Subversion mis-categorizes a lot of MIME types as "binary" (and
therefore will not merge or diff or blame them) which really are
line-based text formats.

The list of such MIME types is continually evolving so it is not
possible for Subversion to have a built-in complete list. However, it is
easy for new releases of Subversion to have an updated list.

It is not much harder for Subversion to have a configuarable list of
which MIME types (or MIME type patterns) should be considered mergeable.
(The configuration could be extensible: it could say line-wise-mergeable
or not mergeable or XML-mergeable or ...)

Problem 2 (mergeable and non-mergeable XML files)
=========

A user has some XML files on which a line-based merge is useful, and
some XML files on which that is not useful, and wishes to label both
kinds with svn:mime-type=text/xml. Let us suppose one format has each
XML tag on a separate line, and the other has them all run together and
line breaks inserted at arbitrary places in the sequence. It may be
possible to find a different MIME type for one of the file types, but
that may well not be possible, e.g. if they are both proprietary or
arbitrary XML formats.

This problem is not limited to XML files. Consider two "plain text"
files, MIME type text/plain, with different kinds of text in them. One
has line-based content, such as a shopping list, and changes usually
leave many lines unchanged. The other contains the text of a newspaper
article with line breaks at roughly every 70 characters in a stream of
words, so two similar versions of it may have very few whole lines in
common.

I believe this is a real but relatively uncommon requirement. It is a
genuine example of the MIME being insufficient to determine (line-wise)
mergeability. There are many file formats that can be regarded as being
(line-wise) mergeable or non-mergeable depending on some aspect of their
content that cannot be reflected in the MIME type. It is uncommon in the
sense that most Subversion users' needs can be satisfied by
distinguishing mergeability based on the MIME type, or better the MIME
type and file name taken together, of their files.

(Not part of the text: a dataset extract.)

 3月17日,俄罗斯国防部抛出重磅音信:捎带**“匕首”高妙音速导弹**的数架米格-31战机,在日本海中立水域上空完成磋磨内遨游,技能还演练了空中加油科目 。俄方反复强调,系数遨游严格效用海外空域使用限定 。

To solve this problem when it exists, there does indeed need to be
further metadata about the content type of the file. (Alternatively it
could be metadata that says how to merge the file, but see "Principle"
above.)

Solution 0 (merge-mode)
==========

So we could add a property to each file which says whether the file is
to be considered line-wise mergeable by Subversion, and say that this
property will be the primary source of this information. What are the
pros and cons of this?

Pro: The user can force a line-wise merge on one file and no merge
attempt on another file even when MIME type and file name are
insufficient distinguishers.

Pro: The user can forget about providing MIME type at all, and just set
this property to one of the pre-defined two types of merging (line-based
or none), if that is all the user cares about.

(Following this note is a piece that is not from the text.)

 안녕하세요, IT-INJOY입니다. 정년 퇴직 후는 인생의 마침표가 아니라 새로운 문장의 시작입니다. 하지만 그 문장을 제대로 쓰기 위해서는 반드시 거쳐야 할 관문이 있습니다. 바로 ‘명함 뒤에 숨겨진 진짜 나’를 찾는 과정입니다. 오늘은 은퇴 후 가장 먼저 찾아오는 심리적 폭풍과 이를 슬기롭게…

Con: This property associates the file with one simple kind of merging;
but the best merge tool available on the client may not be that simple
kind. If we want to use a better merge tool, say an XML-aware merge
tool, this property actually gets in the way: it tells us to use a
simple line-based merge on this file. It would have been better if the
property had said, "this file contains line-based XML, so you might want
to use an XML-aware merge rather than a simple line-based merge if you
can". In other words, we really want to tell the client what the content
type is, and let the client choose the best merge tool for that content
type.

Con: This property conveys redundant information. In almost all cases,
the MIME type and/or file name are sufficient information. It is wrong
to pretend that MIME type and file name are not good sources of
how-to-merge information, and to leave their currently weak and
deficient interpretation as just a deprecated backward-compatibility
fallback.

Con: Not extensible to diff, blame, etc. An indication that the file is
line-wise-mergeable is not really a good indication of whether the file
can be line-wise diffed or blamed.

Proposal
========

This is the full, long-term proposal. We can choose a subset of this to
do initially.

(1) Make svn merge/diff/blame take into account the file name as well as
the svn:mime-type in deciding whether to operate in a "line-wise" mode
or not operate at all.

(2) Update the built-in MIME type and filename patterns.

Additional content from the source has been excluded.